Carolyn – My story

20 Aug 2021

After I was diagnosed with breast cancer in December 2017, I wanted to know why.  Why had this happened to me, especially as I was still young, having only just turned 45.

I had discovered the lump in my breast 12 months prior to being diagnosed, at the time I checked in with my doctor and had an ultrasound but was advised that the lump was simply normal breast tissue. But a year later I noticed that the lump had increased in size, so I went back to my doctor for further investigations and an ultrasound detected a tumour.

I considered myself to be fit and healthy, although my Mum had also experienced a breast cancer diagnosis when she was 70, 9 years before my own diagnosis, so too had my Aunt, her sister, and my cousin who was also diagnosed when she was 50. All of these are from my Mum’s side of her family and so upon my own diagnosis, I put it down to genetics.  I am very happy to say that my Mum has fully recovered from her breast cancer.

Yet, despite this family history, my genetic testing, which I underwent on the advice of my Oncologist, showed no genetic mutations or at least none that could be detected at this stage in the science. Naturally, I was relieved, but equally, I felt disheartened to not find the answer to my ‘why’.

I was left wondering how I could go about reducing the risk of this happening again, if I couldn’t definitively say what caused it.  Equally, how could I protect my young daughter from potentially going through the same experience?

I knew my diagnosis was only the beginning of my journey and to move forward, I would need to consider all of the ways that I can reduce the risk to myself and my family.

My breast cancer diagnosis was Stage I, Grade II oestrogen positive with both ductal and lobular tumours,  following a mastectomy, reconstruction, and hormone implant treatments, I was advised by my Oncologist to also have my ovaries removed to further reduce my ongoing risk. I already had my family with no plans for more children and as I was close in age to a natural menopause, it was not a difficult decision to make.

But while I was happy to be alive and cured, I also felt like my journey to date had left me feeling like a victim - my sense of control had been completely lost from the moment I’d heard the words “you have cancer”.

I began reading and sourcing as much scientific research as I could, searching for answers. I looked into the various chemicals I had come into contact with every day, through the common household products I was using and I learned that some toxic chemicals, which include endocrine disruptors, can have harmful effects on health and can bio-accumulate in our bodies. Equally, I learned what can hurt me as a human, can also contribute to the destruction of our beautiful natural environment which is also a cause close to my heart.

As a result of my research, I decided it was time to reduce the toxins in my daily life. But while living a life with zero toxins is a wonderful aspiration, I learned it’s not easily achievable in the modern world and could leave me feeling stressed out and panicked, which of course would not be good for my health either!

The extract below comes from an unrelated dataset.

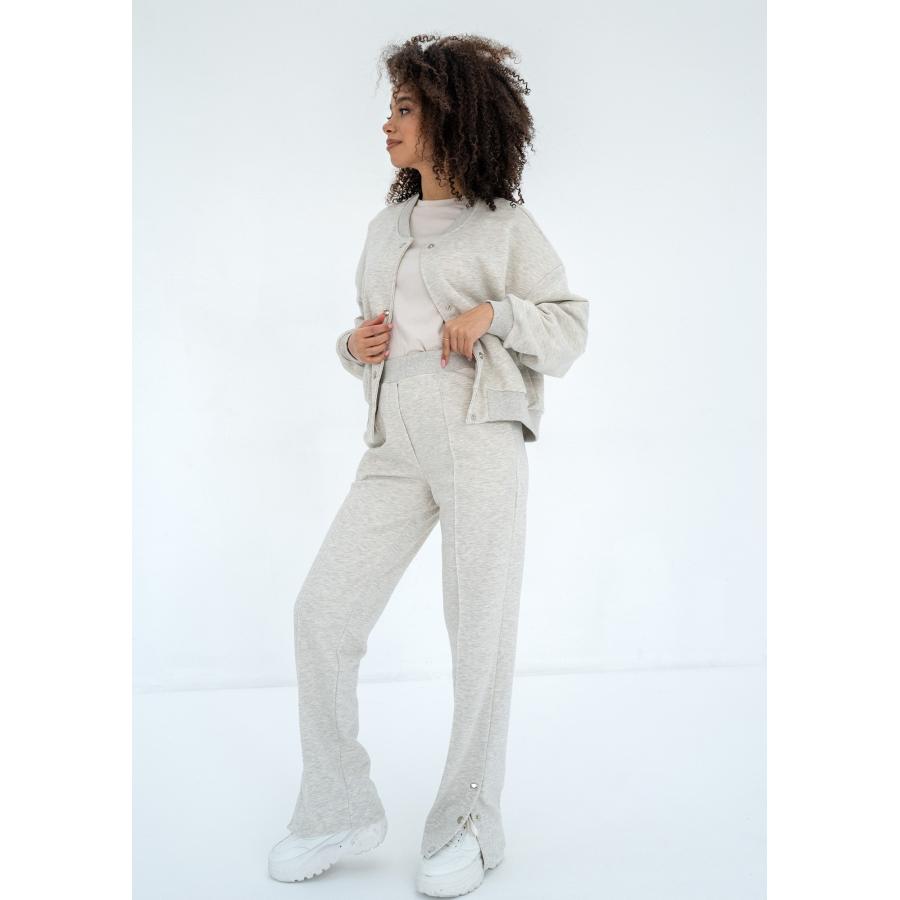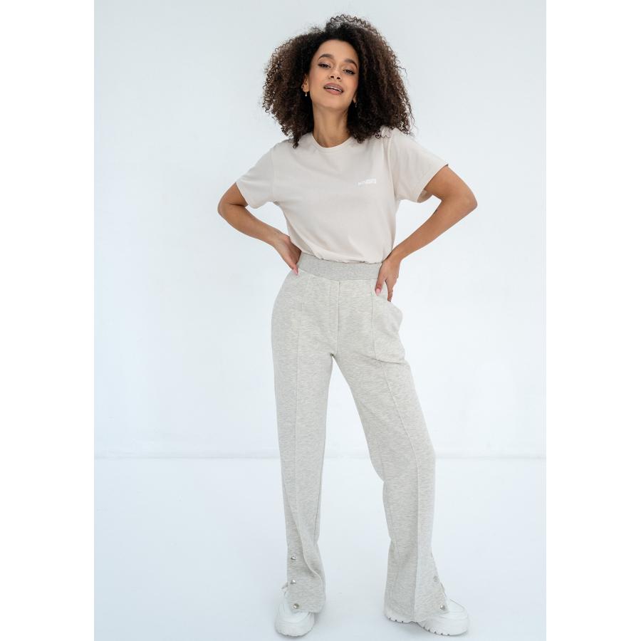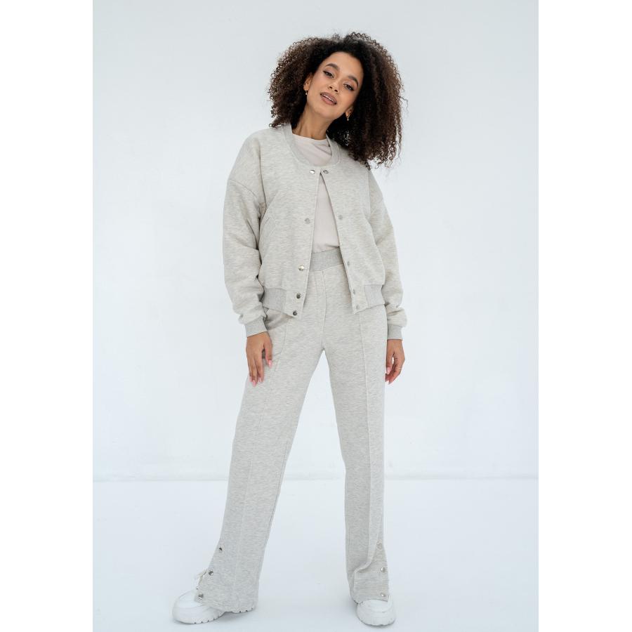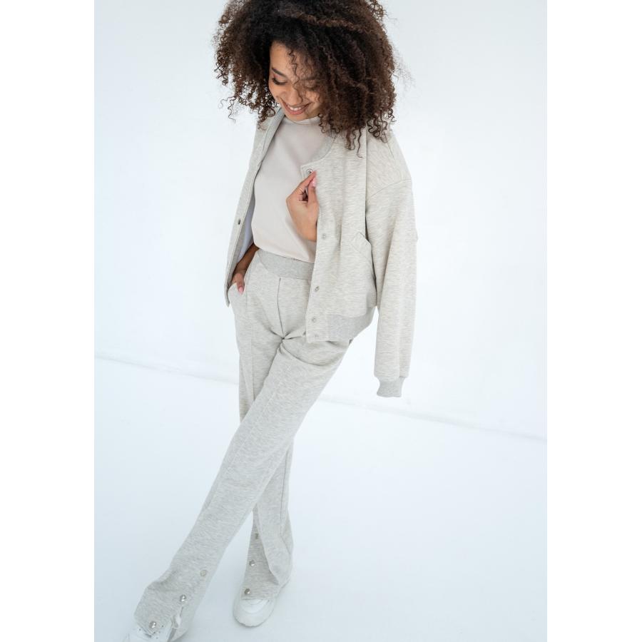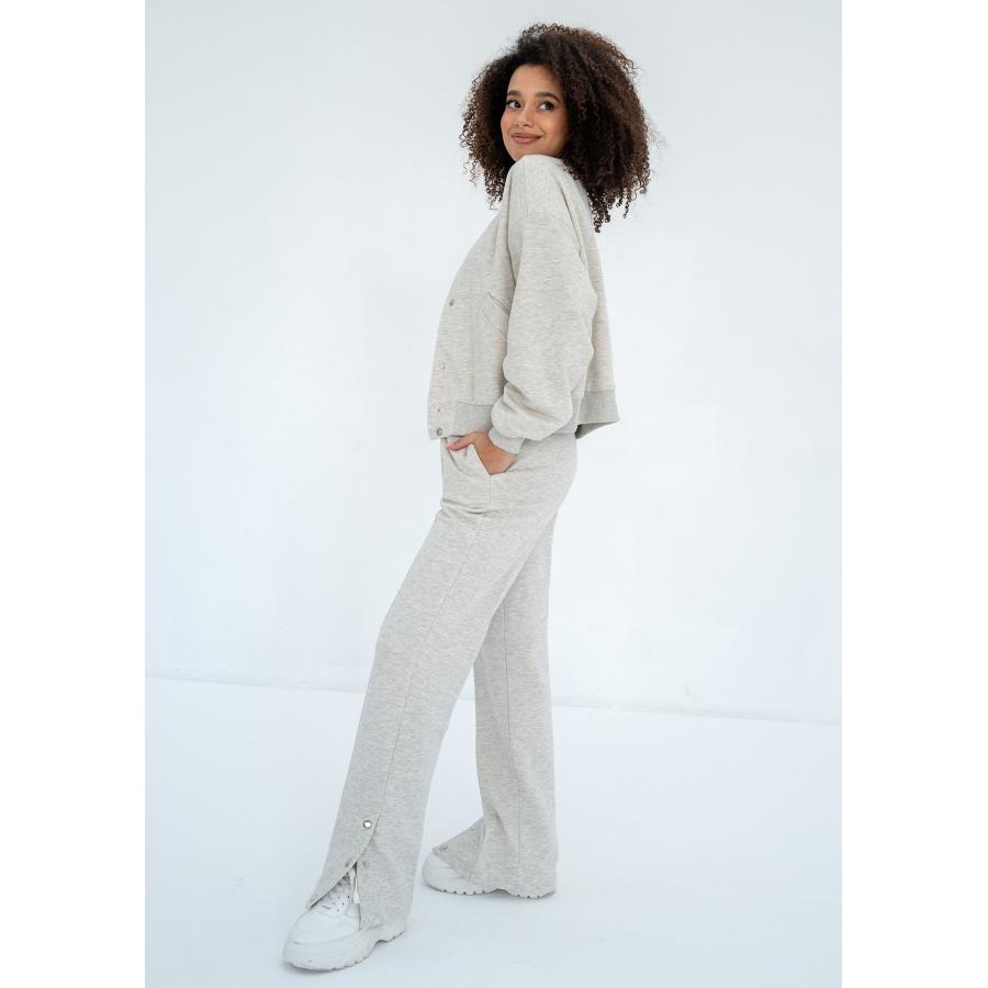 Dámské tepláky v módním stylu. Design je zdoben kovovými patentkami, které umožňují rozšíření nožiček.

My post-breast cancer journey has taught me that I can easily lower my exposure to the toxins in my life, by examining the ingredients in many common household items like cosmetics, candles & perfumes, plastics & cleaning products and that I can then swap to using more natural products. I have empowered myself to take control of what I can control, by learning a set of simple actions, and gathering tips and resources, all of which make me feel safer and that I have done as much as I can to lower my risk of recurrence.

I can honestly say that despite the many ups and downs, I’m glad this happened. It has enabled me to live my life to the fullest and focus on the important people and things in my life. I now enjoy simple pleasures like the smell of flowers in the garden, a beautiful starry night, and the warmth of the sun on my skin.

I hope that a cure is found one day, but also that researchers can educate the community on how to prevent breast and other cancers from developing in the first instance. It’s only through prevention that my daughter and many others will be spared the experience of breast cancer.